– Стоя-а-ать! – злее прежнего заорал Палач, хватая Тихона левой рукой за скулы.
Он силой навёл лицо пленника на себя, приставил к его левому
глазу ствол и, трясясь в изнеможении и брызжа слюной, почти попросил:
– Скажи, что веришь мне, и я тебя отпущу! Век свободы не видать, отпущу!
– Врё-ё-ёшь! – зациклившись, отрицательно мотал головой Заковыкин.
– Скажи, что веришь, и я тебя отпущу! Папой-мамой клянусь, отпущу!
– Не-е-е! – мотал головой настырный Заковыкин.
– Дак что тогда там, полудурок? Гля-ка, там же всё в натуре, в натуре! – сдуваясь, подобно лопнувшему пузырю, шипел Вован, тыча стволом в направлении монитора.
– Там?…Эта…Дипфейк18…Подстава…, – на последнем дыхании выдал Тихон.

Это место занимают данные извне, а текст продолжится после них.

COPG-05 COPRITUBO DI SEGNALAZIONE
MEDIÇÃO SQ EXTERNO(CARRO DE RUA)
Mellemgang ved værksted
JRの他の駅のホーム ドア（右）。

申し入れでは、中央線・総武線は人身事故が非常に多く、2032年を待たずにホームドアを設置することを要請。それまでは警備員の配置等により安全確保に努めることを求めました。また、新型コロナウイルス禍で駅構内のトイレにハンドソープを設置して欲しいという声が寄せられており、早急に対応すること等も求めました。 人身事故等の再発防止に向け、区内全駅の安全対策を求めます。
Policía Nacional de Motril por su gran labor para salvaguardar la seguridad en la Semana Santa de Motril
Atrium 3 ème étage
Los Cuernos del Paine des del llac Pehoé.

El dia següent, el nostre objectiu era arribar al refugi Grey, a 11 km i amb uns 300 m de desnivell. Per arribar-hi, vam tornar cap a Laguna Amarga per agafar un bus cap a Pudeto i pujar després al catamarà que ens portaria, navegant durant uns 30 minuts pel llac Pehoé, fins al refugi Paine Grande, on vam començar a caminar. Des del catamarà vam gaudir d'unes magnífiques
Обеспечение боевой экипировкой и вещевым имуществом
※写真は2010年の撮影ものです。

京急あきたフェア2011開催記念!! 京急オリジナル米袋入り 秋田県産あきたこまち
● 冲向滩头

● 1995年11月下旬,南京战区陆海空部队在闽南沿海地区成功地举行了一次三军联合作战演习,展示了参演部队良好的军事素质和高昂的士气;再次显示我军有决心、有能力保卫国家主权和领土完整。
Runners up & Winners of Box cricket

– Па-а-а-дла! – завопил бандит.
И мучитель снова пнул Заковыкина по раненой ноге, выбив себе большой палец. Вован аж запрыгал от боли, а увидев, что упрямец потерял сознание, наказал Шранку:
– Мне это…Мне щас надо одно палево разрулить…Я пригашусь до понедельника…А ты этого сучёнка чтоб метелил по-чёрному по пять раз на дню! Навешай ему хрюнделей от и до! Приеду – проверю…
3
Шранк добросовестно исполнял порученное. Два раза в день он приводил Тихона в пыточную. Там гигант «приторачивал» пленного к стене, начинал вышагивать перед ним туда-сюда и нудно, заученно долдоня, предлагал ему «заложить Листрата». «Идеологическая прелюдия» неизменно заканчивалась хлёстким, со свистом, кистевым ударом наотмашь по носу Заковыкина.

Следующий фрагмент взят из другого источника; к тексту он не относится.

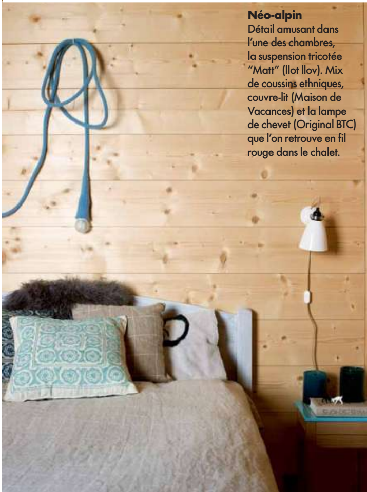
Néo-alpin Détail amusant dans l'une des chambres, la suspension tricotée "Matt" (Ilof Ilov). Mix de coussins ethniques, couvre-lit (Maison de Vacances) et la lampe de chevet (Original BTC) que l'on retrouve en fil rouge dans le chalet.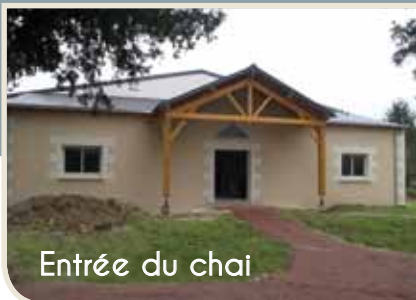
Entrée du chai

Après trois années de travaux, le nouveau chai est désormais opérationnel et l'outil est particulièrement fonctionnel pour travailler. En plus du bâtiment, de lourds investissements ont été réalisés afin d'être plus performants, plus précis dans les vinifications et plus réactifs . Grâce à des subventions du département de Maine et Loire et de l'Europe, nous avons pu faire l'acquisition de matériel moderne (pressoir, thermorégulation, embouteillage...)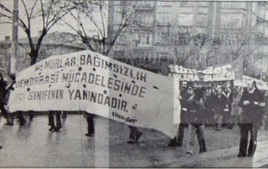
Rehavet değil, mücadele dönemi

İşçi sınıfı hareketinin sosyal demokrat hükümetlere ya da sosyal demokrat partilerin burjuva partileriyle kurdukları koalisyona hükümetlerine karşı tutumu.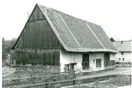
Gebäudeansicht, 88356 Ostrach-Levertswailer, Weithartstraße 27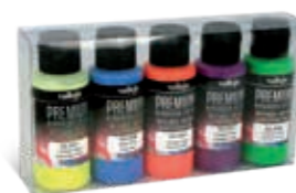
62.102 Fluo Colors Colores Fluo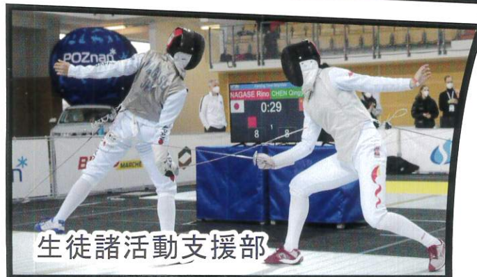
生徒諸活動支援部

Студент, прекрасно изучивший эту манеру Шранка, ждал коварного удара, и всё же, несмотря на собранность, постоянно зевал «стартовый момент». Надо отдать должное заплечных дел мастеру, знавшему своё дело: Шранк великолепно вуалировал намерения, а удар наотмашь «неглядя» наносил так, что попадал точно по кончику носа – не больше и не меньше. Оказалось, что это очень болезненная телесная точка, во-первых, и аккумулятор кровеносных сосудов, во-вторых.

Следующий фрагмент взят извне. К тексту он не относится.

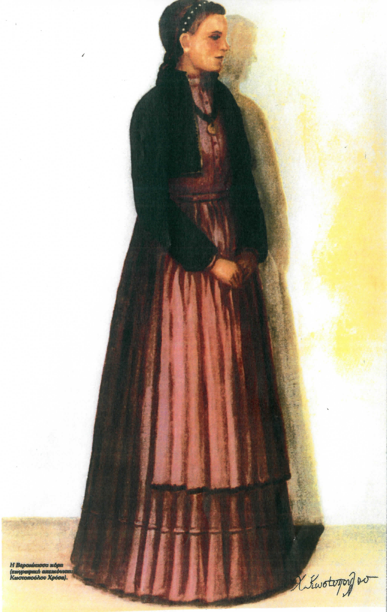
Η Βεροιώτικα κόρμ (επιγραφική απεικόνιση: Κωστοπούλου Χρόση).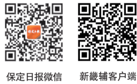
保定日报微信 新媒客户端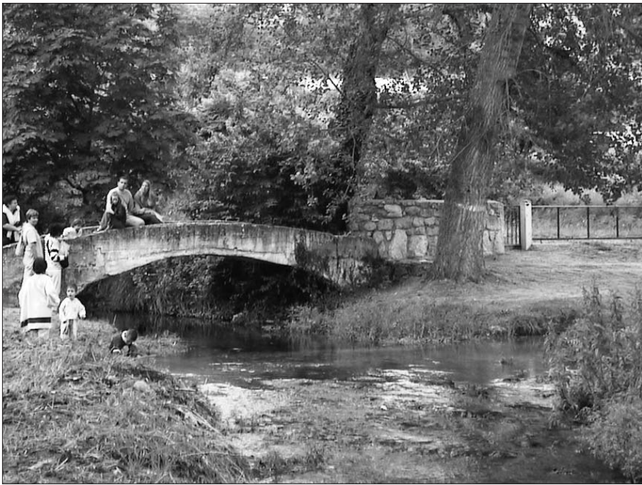
► Río Purón a su paso por Herrán

lógicos, está volviendo a su ser primitivo.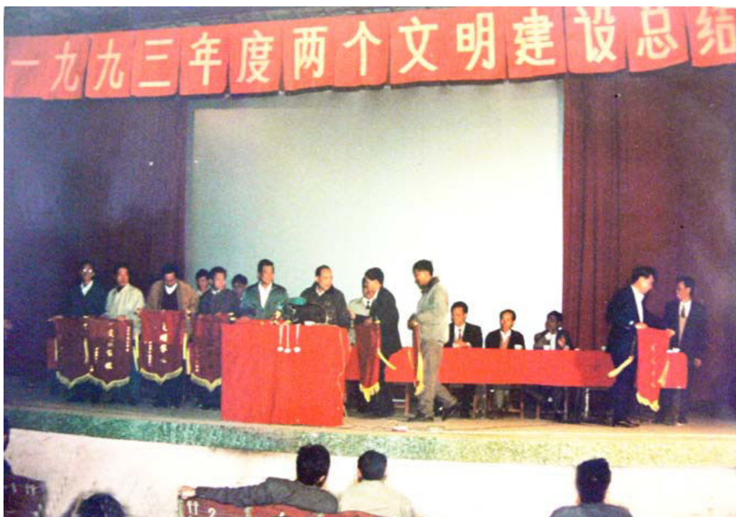
1994年1月28日，阜沙镇召开一九九三年度“两个文明”建设总结会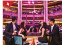
4 Bar 360 Catch live music and aerial acrobatic performances with a glass of champagne.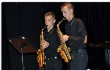
fol. UM Częstochowy

Młodzi twórcy oraz osoby zajmujące się upowszechnianiem kultury bądź opieką nad zabytkami mogą ubiegać się o stypendia artystyczne prezydenta Częstochowy. Przyznawane są one osobom, które nie mają więcej niż 30 lat.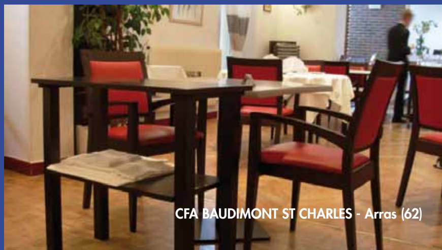
CFA BAUDIMONT ST CHARLES - Arras (62)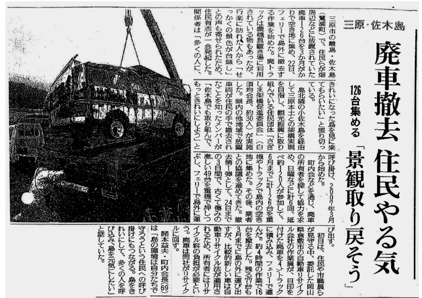
【参考】 三原市 佐木島 放置車両撤去に関する記事 平成20年1月23日(水) 読売新聞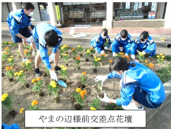
やまの辺様前交差点花壇

環境委員会が放課後、やまの辺前交差点花壇、玄関前プランター、中庭花壇にマリーゴールドの定植作業を行いました。黄色とオレンジ色の花がまぶしく輝いています。環境委員が当番活動で欠かさず水やりをし、世話をしています。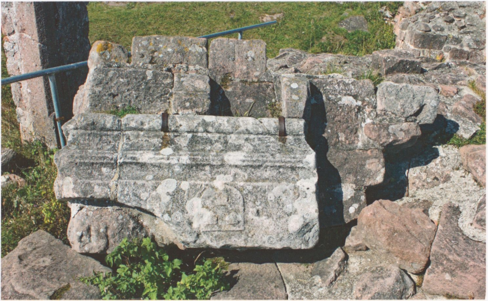
Abb. 16: Hohnack, ein Kaminsturzrest mit dem Rappoltsteiner Wappen, der 1938 gefunden und dann über einer wiederhergestellten Pforte eingemauert wurde. Durch den Einsturz dieser Pforte geriet er in die heutige Lage.

Saal) lag, im südöstlichen ein kleinerer (Schlafkammer). Zwischen der südöstlichen Giebelwand des Wohnbaues und der dort zum „Kapellenturm“ abknickenden Ringmauer dürfte nach dem Plan von 1655 eine wohl hölzerne Plattform gelegen haben, über die die Treppen zu den höheren Geschossen des „Kapellenturms“ führten.

Свой коронный удар Шранк называл «мазня хлыстом». От «мазни хлыстом» кровь у Заковыкина начинала хлестать во все стороны, а кончик носа чудовищно распухал. Из-за систематических побоев нос у парнишки постепенно превратился в настоящий «шнобель», которому позавидовал бы «его крестник» – уголовник Шнобель.
«Разыграв увертюру», верзила переходил к «методичной лупцовке». «Слышь ты, груша боксёрская, ща я тебя буду окучивать квадратно-гнездовым способом», – сообщал он «спарринг-партнёру» таким тоном, словно это был с детства любимый Тишкин метод, и, услышав про него, парнишка обязан был заплакать от избытка радостных чувств. Сделав предупреждение, Шранк начинал бить Заковыкина не спеша, «с чувством, с толком, с расстановкой».